Banned in Britain

  • Bitcoin billionaires (and trillionaires) for an hour!
  • U.K. advertising watchdog group, crypto… and Papa John’s?
  • “All eyes are on the Fed”
  • Zach Scheidt: mega caps vs. small caps (2022 forecast)
  • Toyota’s Tesla-sized ambitions
  • Green crypto-mining IPO: All bark (Wulf), no bite?

For one dazzling hour Tuesday evening, crypto HODLers were billionaires and even trillionairesAt least, on paper they were.

“Crypto data aggregator CoinMarketCap turned heads… with a website bug resulting in eye-popping figures for prices, market capitalizations and more,” The Block reports. Indeed. Bitcoin was erroneously priced around $870 billion per coin with a total market cap in the quintillions!

Crypto

The website’s bug was live for about an hour, and at 5 p.m. EST, CoinMarketCap tweeted: “[T]he Engineering team is aware of incorrect price information… We are currently investigating and will update this status when we have more information.” A mischievous intern, maybe?

In a postscript, CoinMarketCap — which is owned by crypto exchange Binance — tweeted: “How did it feel to be a trillionaire for a couple hours?” We bet a few folks were humming “The Ballad of Jed Clampett.”

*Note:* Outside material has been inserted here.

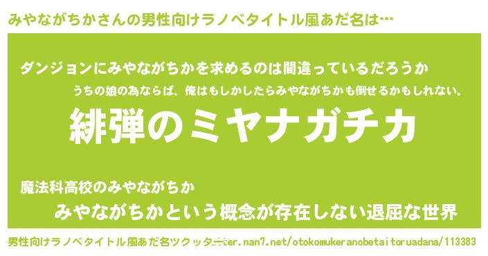 みやながちかさんの男性向けラノベタイトル風あだ名をツクッター!

Then there’s this from across the pond…

The Advertising Standards Authority (ASA) — a U.K. watchdog group — recommends banning seven ads. The reason? In short? Crypto…

“All seven ads or promotions were ‘banned for irresponsibly taking advantage of consumers’ inexperience and for failing to illustrate the risk of the investment,’” the BBC reports.

Among the advertisers getting beat with the ASA’s banhammer: crypto-trading platform Coinburp (ew), stock and crypto-trading platform eToro and Coinbase Europe, among others.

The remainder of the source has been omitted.